The former “Palestinian Affairs Unit (PAU)” has been renamed the “US Office of Palestinian Affairs (OPA)”. Before becoming the PAU, it had been the US consulate in Jerusalem and a focus of Palestinian statehood goals in the city.

Mr Biden's predecessor, Donald Trump, outraged Palestinians — and delighted Israelis — by formally closing the consulate and redesignating it as the PAU within the US embassy that was moved to Jerusalem from Tel Aviv in 2018.

“The OPA operates under the auspices of the US embassy in Jerusalem and reports on substantive matters directly to the Near Eastern Affairs Bureau in the State Department,” a representative for the mission said.
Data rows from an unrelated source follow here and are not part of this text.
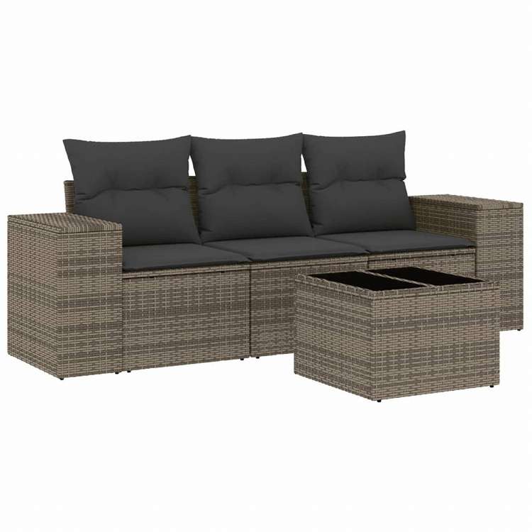 vidaXL ガーデンソファ4点セット クッション付き 灰色 ポリラタン製家具 アウトドア家具 屋外椅子 屋外用組み合わせソファセット(代引不可)
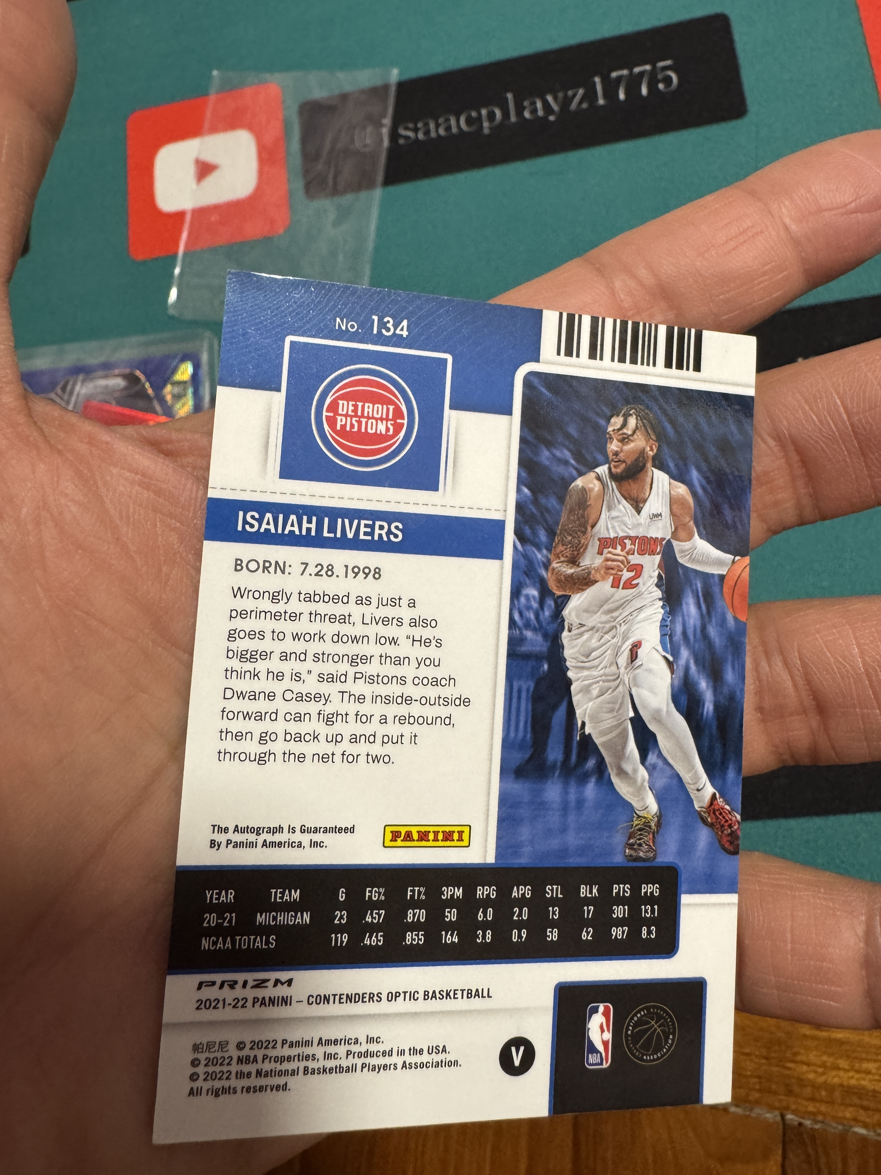 2021-22 Panini Prizm Isaiah Livers RC 感恩节优惠 活塞 以赛亚 利弗斯 PZ PRIZM 贴签 折射 卡品如图
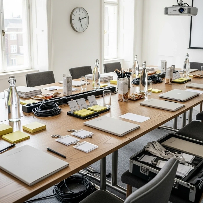 Your training room setup checklist should be locked at least 72 hours before the program starts, with written confirmation from the venue that overnight resets will match your requirements.
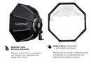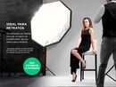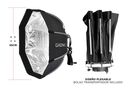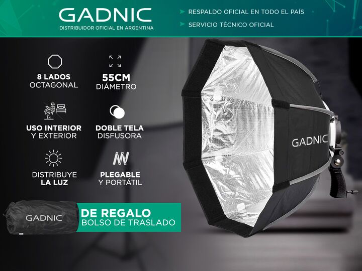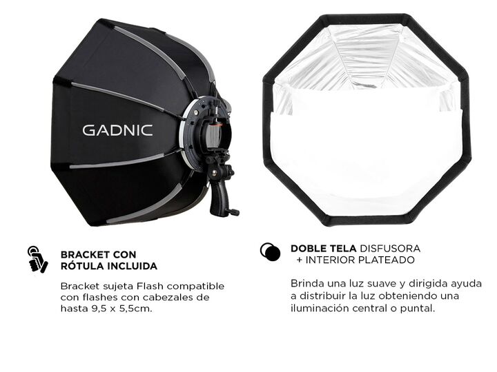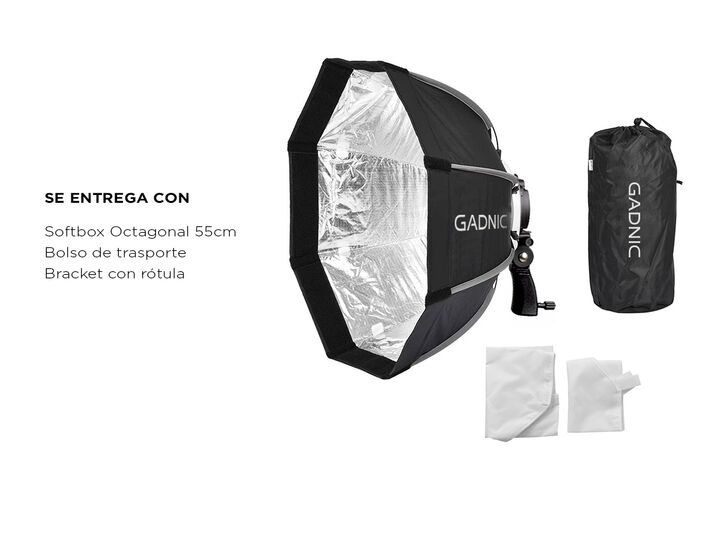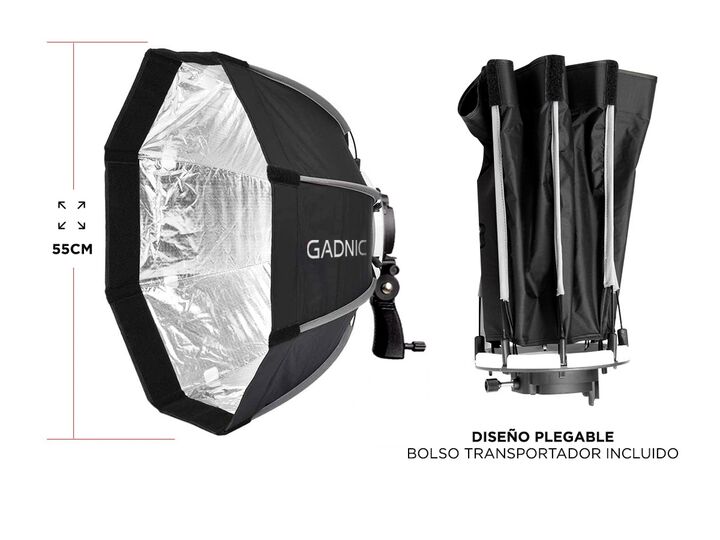 Su reflexión en forma circular lo hace un modificador de luz ideal para retratos. Brinda una luz suave y dirigida, controlada en la escena sin dominantes de color. La doble tela difusora y su interior plateado ayuda a distribuir la luz internamente evitando que la proyección del destello produzca un...
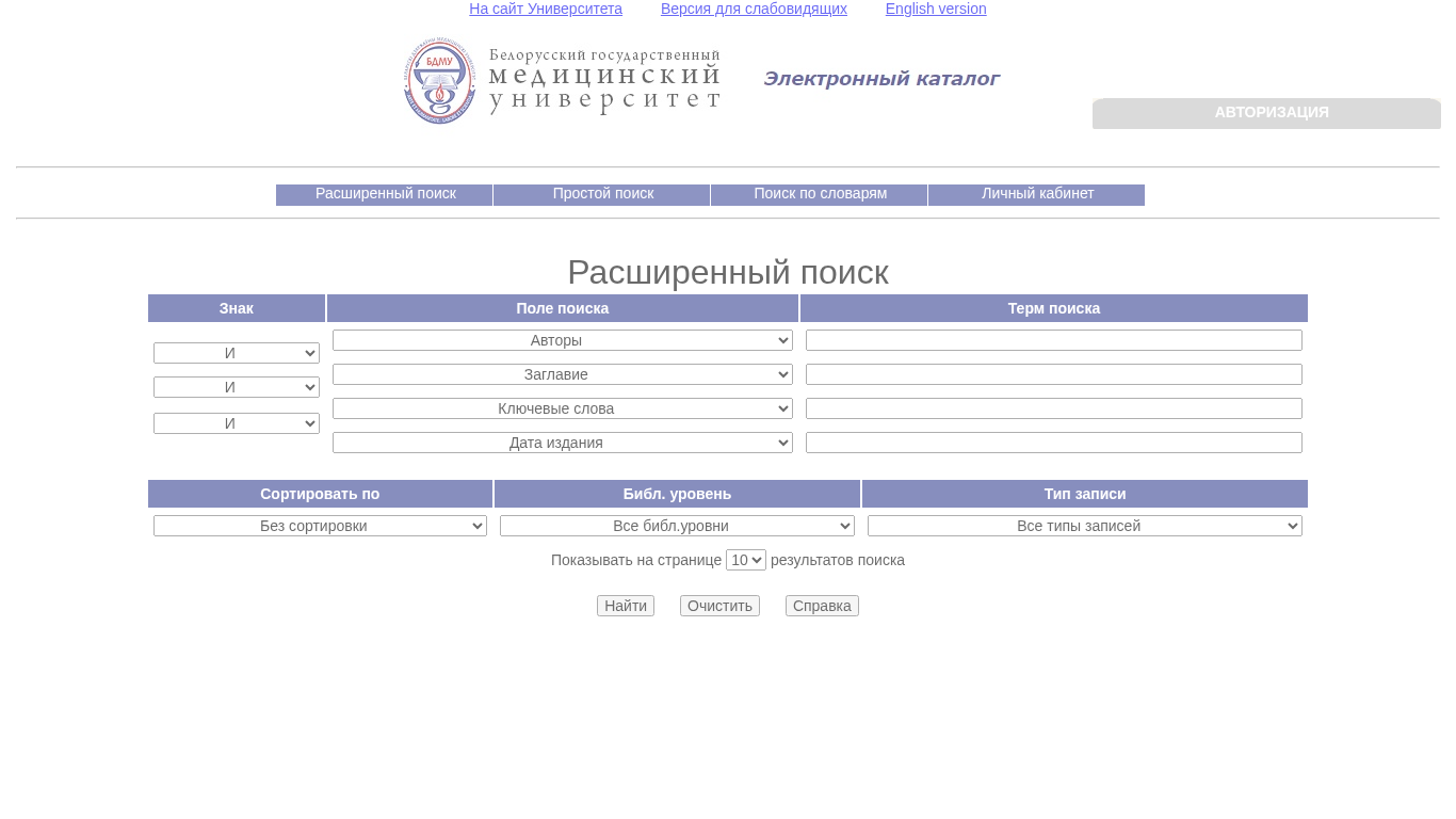 | Название / Заголовок | Электронный каталог БГМУ [1.25] - Расширенный поиск |

“The name change was done to better align with State Department nomenclature,” the representative said. “The new OPA operating structure is designed to strengthen our diplomatic reporting and public diplomacy engagement.”

Palestinian officials had no immediate comment. They were due on Thursday to host State Department envoy Hady Amr in Ramallah, their seat of government in the occupied West Bank.

Under the Trump-era redesignation, the former consulate's staff and functions remained largely identical, but they were subordinate to the embassy rather than on a strict US-Palestinian bilateral track.

Palestinians want East Jerusalem as the capital of a future state and saw Mr Trump's embassy move as undermining that aspiration. Israel, which captured East Jerusalem in 1967, calls the city its indivisible capital.

The Biden administration has pledged to reopen the consulate, but Israel has said it will not consent to this and proposed that a consulate be opened in Ramallah instead.

Israel's Foreign Ministry declined to comment on Thursday's redesignation of the Jerusalem mission.